Turkey seeks greater role for women in Islam
ANKARA, Mar 7 (Reuters) Turkey plans to appoint women to religious affairs positions across the Muslim but secular country in a move to boost equal rights, Turkey's top religious authority said.
Women's rights have improved in recent years as Turkey brings its laws into line with those of the European Union, but discrimination and violence against them remain stubbornly high.
''As part of our positive discrimination policy, we pay great care to the assignment of women,'' Ali Bardakoglu, who heads Ankara's Directorate General for Religious Affairs, said in an interview with Today's Zaman newspaper published yesterday.

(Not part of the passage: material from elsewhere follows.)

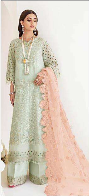
S - 90 A

Top Front Back - Organza heavy embroidered with pearls and gpo lace Inner/Bottom - Heavy santoon with gpo lace Dupatta - Organza heavy embroidered
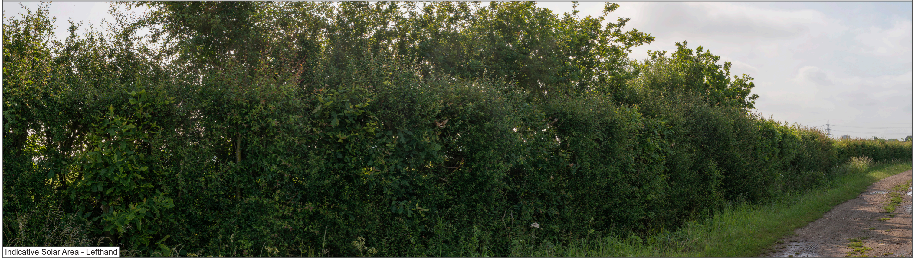
Indicative Solar Area - Lefthand

''In the near future, female mufti assistants will be appointed to all provinces (in Turkey). This practice is the first in the world. The purpose of our women's branches and all of our work is to raise female and social awareness.'' Bardakoglu complained of erroneous perceptions in parts of the Muslim world that incorrectly assumed Islam had a problem with women's rights.
The Religious Affairs Directorate controls Turkish clerics and writes their sermons. A handful of female assistants already work in the directorate administering Koranic courses, religious fatwas and dealing with other matters.
The female mufti assistants will not preach in mosques.
Few Muslim nations have allowed women to preach in mosques.
Morocco's decision to appoint women as preachers for certain prayers last year put the North African kingdom at the forefront of attempts to improve the status of women in the Arab world.
Statistics point to widespread use of discrimination and also violence against women in Turkey, especially in its impoverished, deeply conservative eastern regions where many are illiterate, having been denied an education by their families.
''Sexual discrimination is worse than racism, more dangerous and more primitive,'' Prime Minister Tayyip Erdogan told a weekly gathering of his centre-right AK Party yesterday.
Despite Erdogan's strong verbal support for women's rights, women hold only four per cent of seats in parliament and he has only one woman in his cabinet.